▶ **Work request**:
Starting at the line with "Long, sleeved flannel", retype every line through the end of the listing exactly as written, and nothing before it.

▶ **Records for the exercise**:
★ ★ ★ ★ ★ ★ ★

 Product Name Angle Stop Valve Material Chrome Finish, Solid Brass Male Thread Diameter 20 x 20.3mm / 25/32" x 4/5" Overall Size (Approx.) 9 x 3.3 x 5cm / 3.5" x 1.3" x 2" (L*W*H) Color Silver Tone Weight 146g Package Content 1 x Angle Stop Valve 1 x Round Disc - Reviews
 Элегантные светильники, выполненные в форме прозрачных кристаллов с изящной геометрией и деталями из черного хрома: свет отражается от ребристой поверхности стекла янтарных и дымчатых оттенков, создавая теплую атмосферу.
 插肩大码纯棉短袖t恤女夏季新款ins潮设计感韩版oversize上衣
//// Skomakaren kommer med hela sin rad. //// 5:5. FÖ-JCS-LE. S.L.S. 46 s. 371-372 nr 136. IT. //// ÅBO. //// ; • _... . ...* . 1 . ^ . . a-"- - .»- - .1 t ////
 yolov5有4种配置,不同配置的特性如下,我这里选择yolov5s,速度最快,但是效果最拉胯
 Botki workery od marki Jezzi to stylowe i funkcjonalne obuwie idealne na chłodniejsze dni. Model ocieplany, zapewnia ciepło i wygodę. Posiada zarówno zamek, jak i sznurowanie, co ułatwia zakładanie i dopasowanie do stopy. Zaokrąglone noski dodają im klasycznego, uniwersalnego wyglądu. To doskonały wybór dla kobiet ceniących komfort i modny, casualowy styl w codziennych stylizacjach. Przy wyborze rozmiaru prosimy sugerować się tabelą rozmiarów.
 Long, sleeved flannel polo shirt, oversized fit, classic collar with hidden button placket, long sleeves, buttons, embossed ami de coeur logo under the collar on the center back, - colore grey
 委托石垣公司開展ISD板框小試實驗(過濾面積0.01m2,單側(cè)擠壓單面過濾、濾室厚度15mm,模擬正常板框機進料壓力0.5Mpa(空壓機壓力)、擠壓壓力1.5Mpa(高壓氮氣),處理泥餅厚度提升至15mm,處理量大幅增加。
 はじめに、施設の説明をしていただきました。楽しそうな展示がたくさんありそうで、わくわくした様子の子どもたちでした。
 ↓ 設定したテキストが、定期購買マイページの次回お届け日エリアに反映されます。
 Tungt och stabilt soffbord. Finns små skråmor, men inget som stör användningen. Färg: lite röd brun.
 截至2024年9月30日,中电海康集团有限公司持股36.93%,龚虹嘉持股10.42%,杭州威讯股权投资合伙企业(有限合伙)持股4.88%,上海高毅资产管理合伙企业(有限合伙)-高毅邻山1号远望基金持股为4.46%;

★ ★ ★ ★ ★ ★ ★

▶ **Output for this exercise**:
 Long, sleeved flannel polo shirt, oversized fit, classic collar with hidden button placket, long sleeves, buttons, embossed ami de coeur logo under the collar on the center back, - colore grey
 委托石垣公司開展ISD板框小試實驗(過濾面積0.01m2,單側(cè)擠壓單面過濾、濾室厚度15mm,模擬正常板框機進料壓力0.5Mpa(空壓機壓力)、擠壓壓力1.5Mpa(高壓氮氣),處理泥餅厚度提升至15mm,處理量大幅增加。
 はじめに、施設の説明をしていただきました。楽しそうな展示がたくさんありそうで、わくわくした様子の子どもたちでした。
 ↓ 設定したテキストが、定期購買マイページの次回お届け日エリアに反映されます。
 Tungt och stabilt soffbord. Finns små skråmor, men inget som stör användningen. Färg: lite röd brun.
 截至2024年9月30日,中电海康集团有限公司持股36.93%,龚虹嘉持股10.42%,杭州威讯股权投资合伙企业(有限合伙)持股4.88%,上海高毅资产管理合伙企业(有限合伙)-高毅邻山1号远望基金持股为4.46%;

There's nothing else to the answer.